April Durr knows Alamance County like the back of her hand, even though she was raised on Long Island. That familiarity comes from volunteering as a community service worker since her days as an undergraduate at Elon University and continuing for the next decade as a professional.
“My biggest passion is working on social and health disparities at the community level,” Durr said.
It’s no wonder then that she also is passionate about what she believes is needed to make health care more accessible, especially to the poor, youth and elderly populations – public transportation. Burlington is the largest city in North Carolina without a public transportation system, and Durr and her comrades at FAST (Friends & Advocates for Sustainable Transportation) believe this presents a significant barrier to accessing important health care services.
As director of Healthy Alamance, it is Durr’s job to know what Burlington needs, as well as other municipalities in widespread Alamance County. The nonprofit organization she leads conducts a comprehensive community assessment every four years, the results of which determine what four health issues and four social issues her organization and others will address.
The 2011 assessment is in and Durr is rolling up her sleeves to tackle access to health care, mental health, substance abuse, obesity, education, poverty, homelessness and domestic violence. It’s a tall order, but she doesn’t work alone. The United Way uses results of the assessment to drive its grant cycle. A host of other community organizations work in tandem as well, making sure their programs align with these mutual goals. Her organization is affiliated with the Alamance Regional Medical Center and Alamance County Health Department.
Thus, Durr is a consensus builder. She brings together leaders and grassroots organizations to coalesce around issues important to the community. This attribute also makes her an ideal leader of the North Carolina Translational and Clinical Sciences (NC TraCS) Institute Community Advisory Board (CAB) for the Greensboro Area Health Education Center area, spanning eight counties in central North Carolina.

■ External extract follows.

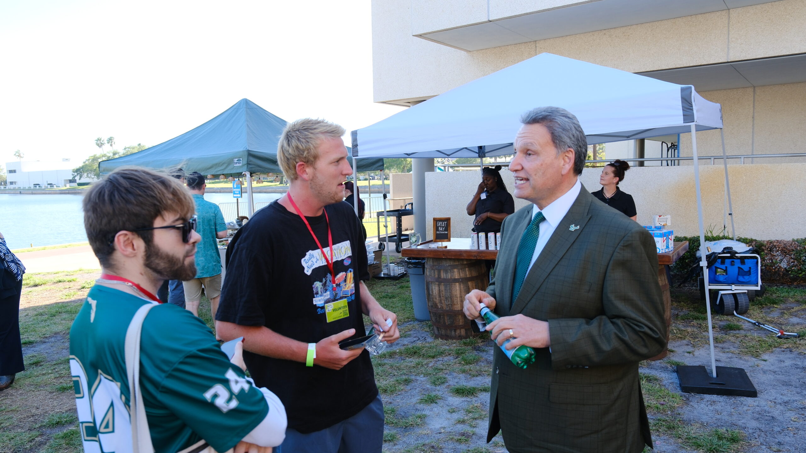Brews and eats set a jovial tone on the USF St. Petersburg campus as President Moez Limayem addressed students and alumni at the Bulls and Brews by the Bay event on April 17.

NC TraCS is UNC’s home to its NIH Clinical and Translational Science Awards (CTSA) and one of a consortium of 60 such institutions nationwide. Its task is to accelerate the pace of biomedical research and engage communities on their needs while also disseminating the results of research at the community level.
“Our role on the CAB has been to be a bridge between the grantees [those performing academic research] and the community, as well as work with people at NC TraCS who are developing requests for proposals and applying for the next round of funding,” said Durr, who has served as the chairperson for a number of years.
The CAB meets quarterly for briefings about ongoing research in the community and to provide recommendations to researchers about how to be more effective partners when they conduct community-based research. As Durr explained, the CAB not only includes representatives from each of the eight counties, but also a good cross-section of the community, such as social work, healthcare, local government, nonprofit and business.
Another large project Durr has dedicated herself to is North Park in Motion (NPIM), an effort to revitalize a community park in East Burlington. The project began through Health & Wellness Trust Funding, called the FIT Community Grant, and then continued with funding from the City of Burlington and partnerships developed from the grant process. The state will soon publish results of the program as a success story for other communities to emulate. Though it started small, the project has grown into an entire movement for creating positive change in an area that has struggled.
Briefly, NPIM involved capital improvements of a community park and community center. However, it went beyond better lighting and playground equipment. Through consensus building among community members, it has revitalized an area and created a positive meeting place encouraging healthy lifestyle habits and fun interactions. Now citizens of that area congregate for dance lessons and other activities, as well as to purchase fresh fruits and vegetables from farmers who bring trucks on-site. Through a Facebook page, citizens exchange information and rally around efforts to get that fixed-route bus transportation Durr is championing.
Durr’s work has not gone unnoticed. Her alma mater, Elon University, recently honored this 2001 graduate with a “Top 10 Under 10” award for her success as well as her continued volunteer work with the university. She mentors students, serves on several advisory boards and supports several nonprofits as a donor and volunteer, such as Guilford Green Foundation and CrossRoads Sexual Assault Response & Resource Center. In what spare time is left, she enjoys salsa dancing, cooking, helping with the "Friends of John Coltrane Jazz Festival" as well as jogging.
As Durr looks to the horizon she says she is considering graduate school. To take the work she is doing to the next level, she says she thinks the next step is working on a master’s degree.